Stored data
________________________________________

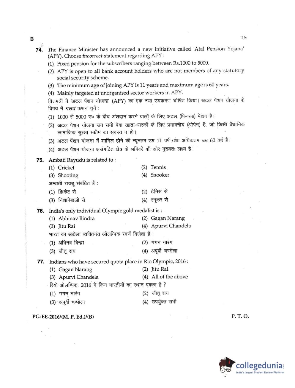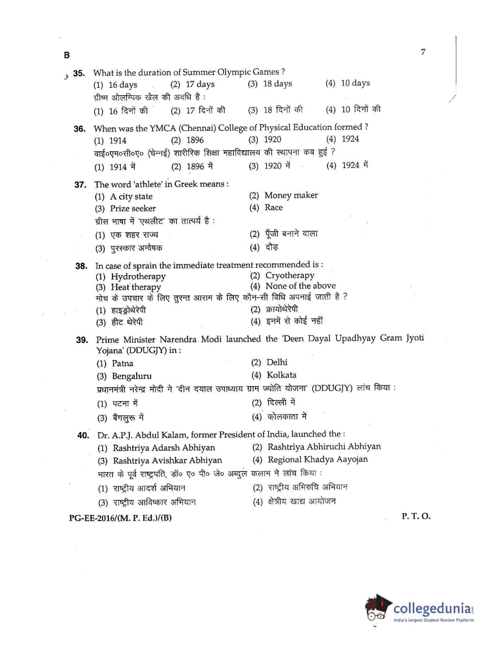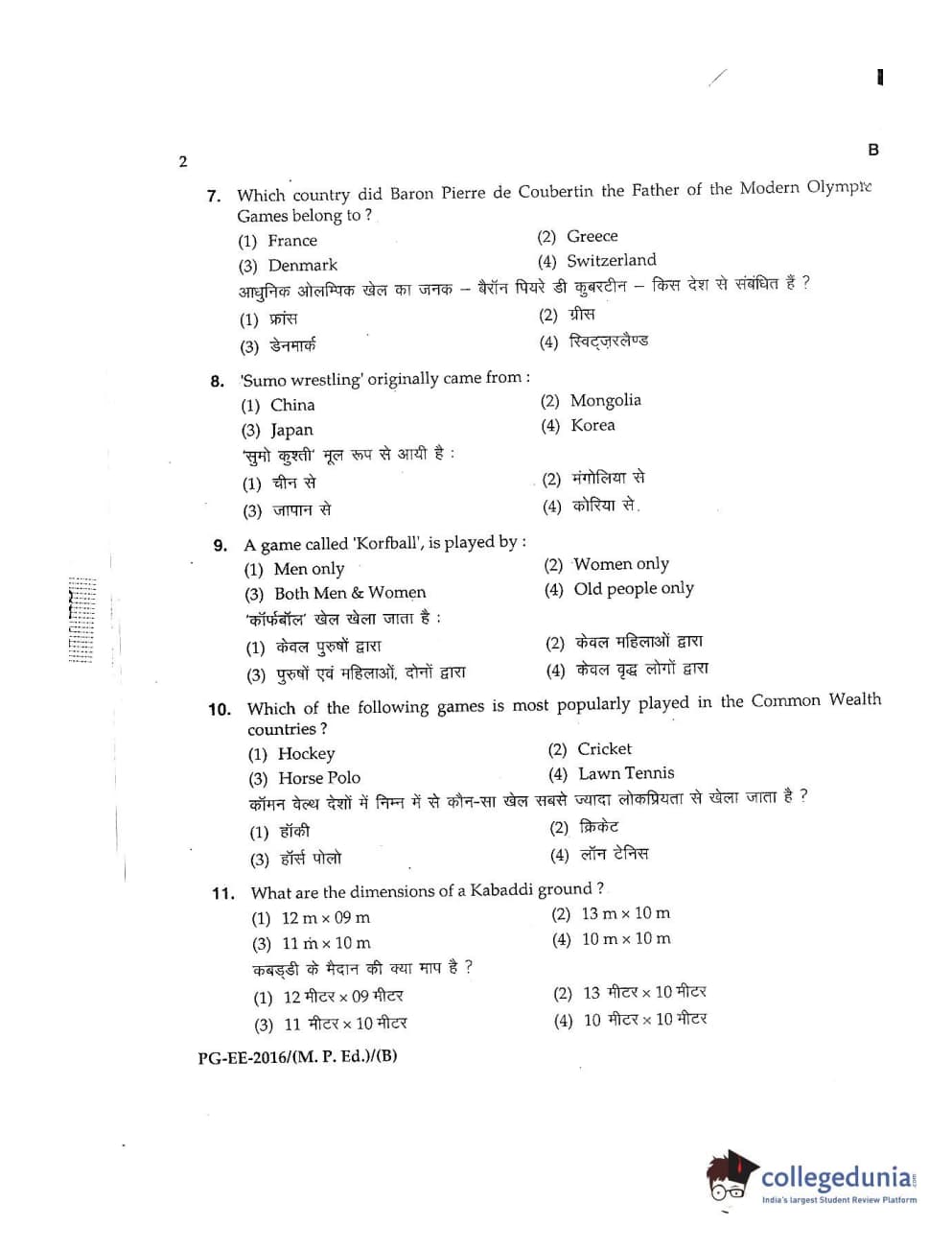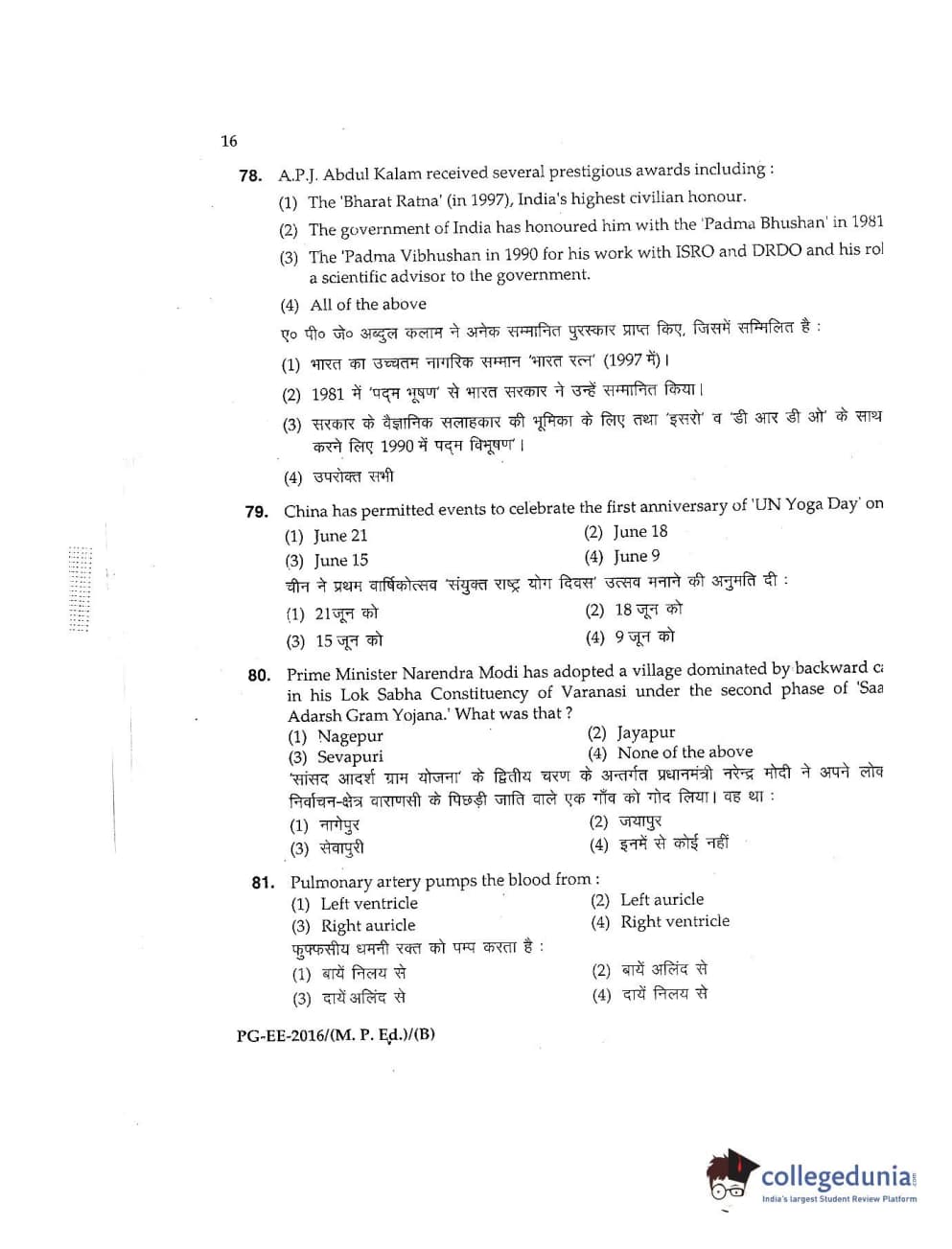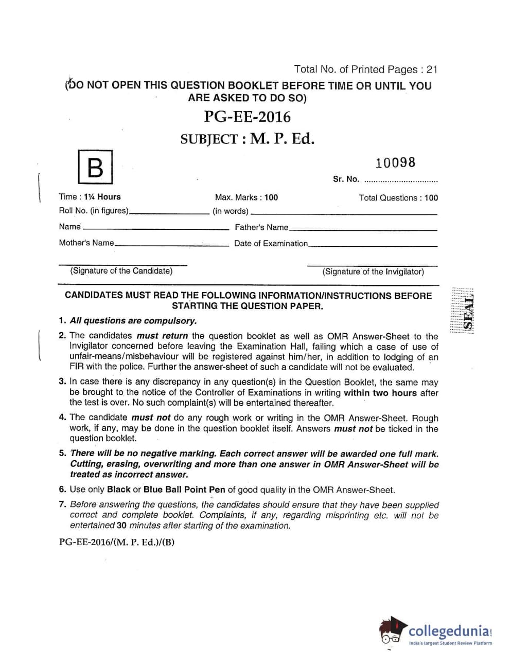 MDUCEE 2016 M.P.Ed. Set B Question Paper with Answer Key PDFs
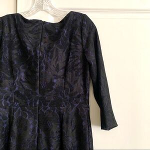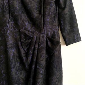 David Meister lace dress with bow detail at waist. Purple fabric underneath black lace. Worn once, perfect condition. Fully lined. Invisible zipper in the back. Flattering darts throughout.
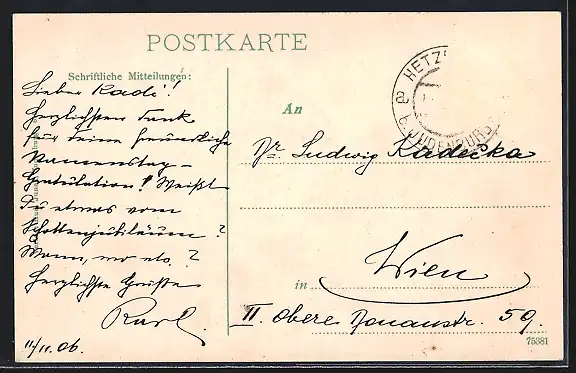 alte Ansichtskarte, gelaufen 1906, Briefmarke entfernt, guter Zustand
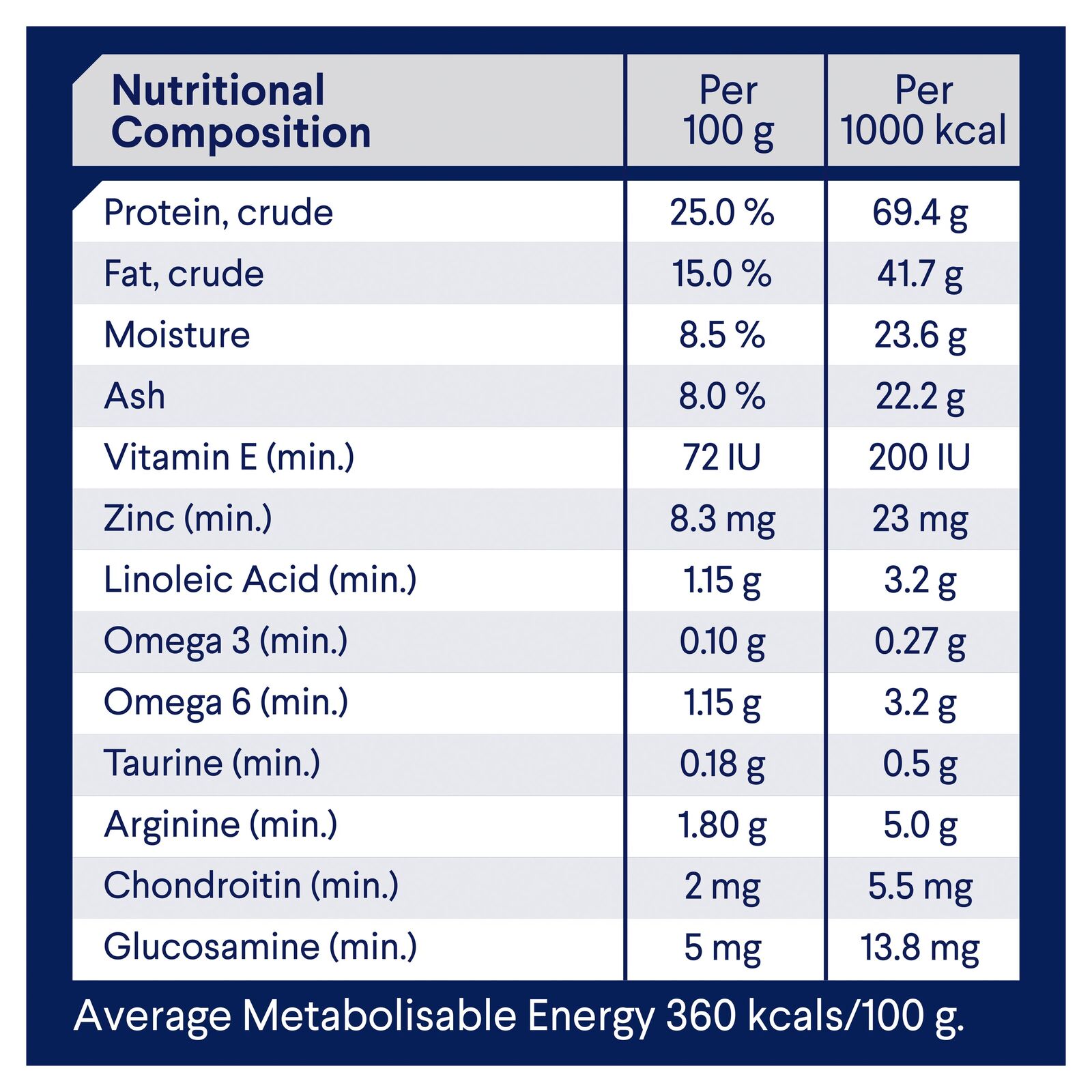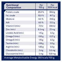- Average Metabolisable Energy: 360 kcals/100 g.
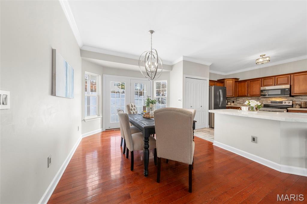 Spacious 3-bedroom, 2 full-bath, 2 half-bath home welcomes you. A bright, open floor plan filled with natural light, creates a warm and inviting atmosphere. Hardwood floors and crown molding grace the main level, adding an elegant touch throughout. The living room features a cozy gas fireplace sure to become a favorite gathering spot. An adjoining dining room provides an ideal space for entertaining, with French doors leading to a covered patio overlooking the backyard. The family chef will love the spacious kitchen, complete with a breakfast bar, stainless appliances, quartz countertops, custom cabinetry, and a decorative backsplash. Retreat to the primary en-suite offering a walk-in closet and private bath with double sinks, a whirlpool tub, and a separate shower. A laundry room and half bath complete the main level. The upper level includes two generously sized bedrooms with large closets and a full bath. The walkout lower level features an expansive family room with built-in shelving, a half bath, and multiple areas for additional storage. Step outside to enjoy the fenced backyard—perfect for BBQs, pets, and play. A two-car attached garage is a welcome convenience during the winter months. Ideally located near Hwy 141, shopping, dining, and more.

________________________________________

:: HOW TO COMPLETE THIS TASK ::
Here the job is to copy the stretch of records from the line containing "David Meister lace" through the line containing "- Average Metabolisable", word for word. Leave every picture out.

:: EXPECTED OUTPUT ::
 David Meister lace dress with bow detail at waist. Purple fabric underneath black lace. Worn once, perfect condition. Fully lined. Invisible zipper in the back. Flattering darts throughout.
 alte Ansichtskarte, gelaufen 1906, Briefmarke entfernt, guter Zustand
- Average Metabolisable Energy: 360 kcals/100 g.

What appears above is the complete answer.